To these indications, experts add that Columbus wrote numerous annotations and letters in Galician or that many of the names of places that were discovered on that expedition correspond to toponyms on the coast of Galicia.

"We are closer than ever," says Esteban, to refuting the rest of the theories that suggest that the discoverer of America could have been born in Genoa (Italy), Barcelona or Mallorca.

A fundamental step in this direction is being taken at two points in the province of Pontevedra, San Salvador (Poio) and Sobrán (Vilagarcía de Arousa). In both, the researchers look for DNA that can be compared with the remains of the discoverer, his son and his brother.

It is the final phase of an investigation that began twenty years ago by the Department of Legal and Forensic Medicine of the University of Granada, whose experts consider that this genetic analysis is the key to completing this puzzle.

In the old atrium of San Salvador de Poio, according to archaeologist Mateo Fontán, director of the excavation, an area of ​​about four square meters is being exhumed in which, according to previous studies, possible ancestors of the discoverer of America would be buried.

"We are trying to extract bones that will serve to analyze the genetic samples that the Granada laboratory already has," explains the archaeologist, who advances that in the first days of work human remains have already appeared that will be "duly collated."

Some thirty kilometers from this point, in the church of San Martiño de Sobrán, in Vilagarcía, a funerary sarcophagus of the end of the XV century will be opened. Xohan Mariño de Soutomaior is buried there, a religious who, according to certain investigations, would be related to Colón.

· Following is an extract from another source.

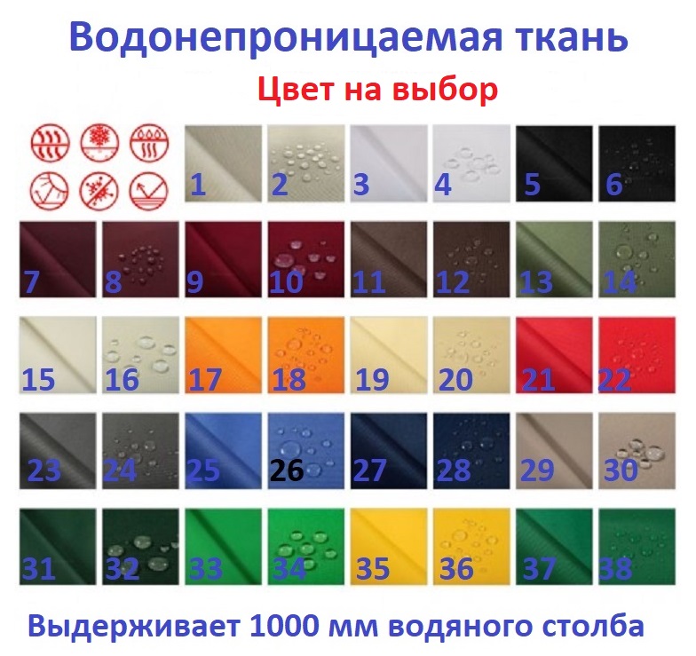 Тент-крыша на 8 секций имеет следующие габаритные размеры 260х260х280см, на 10 – 320х320х300см, на 12 секций – 380х380х320см. Для окрашивания материала используется стойкий краситель, который сохраняет яркость и насыщенность на протяжении всего срока эксплуатации. Все изделия пошиты из полиэстеровой ткани - Oxford 210D, которая обладает такими преимуществами, как:

And it is that, according to Antonio Castro, responsible for this second excavation, a "detour" in the line of investigation of the Galician Columbus maintains that the discoverer belonged to a family of nobles, the Soutomaior, "contemporaneous at the time of the discovery".

The tasks to find DNA remains, in any case, will not be easy, according to those responsible for this work, which will take place over the next two weeks.

The exhumations, although they are well documented, are done "by esteem" and in the open. In addition, the climatic conditions of Galicia and the fact that, at that time, the burials were rudimentary, complicate the search for genetic material.

"Hopefully this will serve to shed light once and for all on the origin of Columbus," says Regis Francisco López, director of the documentary "Colón ADN: su Verdadero Origen", which is documenting all the work that is being carried out in Galicia.

He assures that this is being an "important day" for the history of Galicia and Spain, understanding that "it is possible that the results obtained will clarify its origin".

Although for him, the "sturdiest" theory in which the birth of Columbus is located in Galician lands, he trusts that the bones found in these exhumations contain viable genetic material that, crossed with the DNA of Columbus and his direct relatives, "we give good news."